> _TASK DESCRIPTION_: Output must consist only of the lines of the material below from the one with "With nearly a" through the one with "選んだサンドイッチとフレンチ", each reproduced exactly; no pictures belong in it.

> _AVAILABLE DATA_:
····················
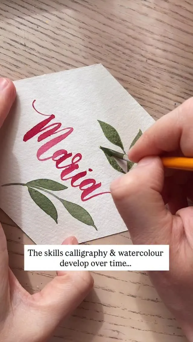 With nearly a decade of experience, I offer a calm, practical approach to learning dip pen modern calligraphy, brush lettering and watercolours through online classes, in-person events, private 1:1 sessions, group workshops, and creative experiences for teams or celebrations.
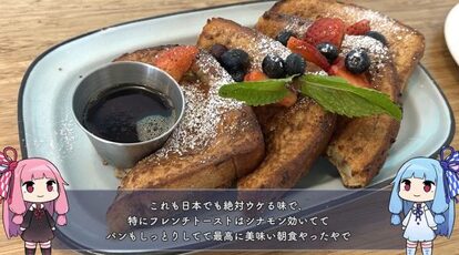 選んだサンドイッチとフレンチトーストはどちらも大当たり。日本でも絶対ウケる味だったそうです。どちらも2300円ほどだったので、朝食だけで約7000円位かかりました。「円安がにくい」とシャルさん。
····················
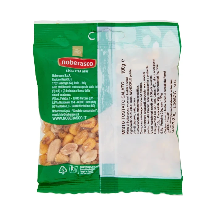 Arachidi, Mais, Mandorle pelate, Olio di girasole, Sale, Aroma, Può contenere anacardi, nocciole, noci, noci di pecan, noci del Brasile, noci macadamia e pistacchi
····················
> _EXERCISE ANSWER_:
 With nearly a decade of experience, I offer a calm, practical approach to learning dip pen modern calligraphy, brush lettering and watercolours through online classes, in-person events, private 1:1 sessions, group workshops, and creative experiences for teams or celebrations.
 選んだサンドイッチとフレンチトーストはどちらも大当たり。日本でも絶対ウケる味だったそうです。どちらも2300円ほどだったので、朝食だけで約7000円位かかりました。「円安がにくい」とシャルさん。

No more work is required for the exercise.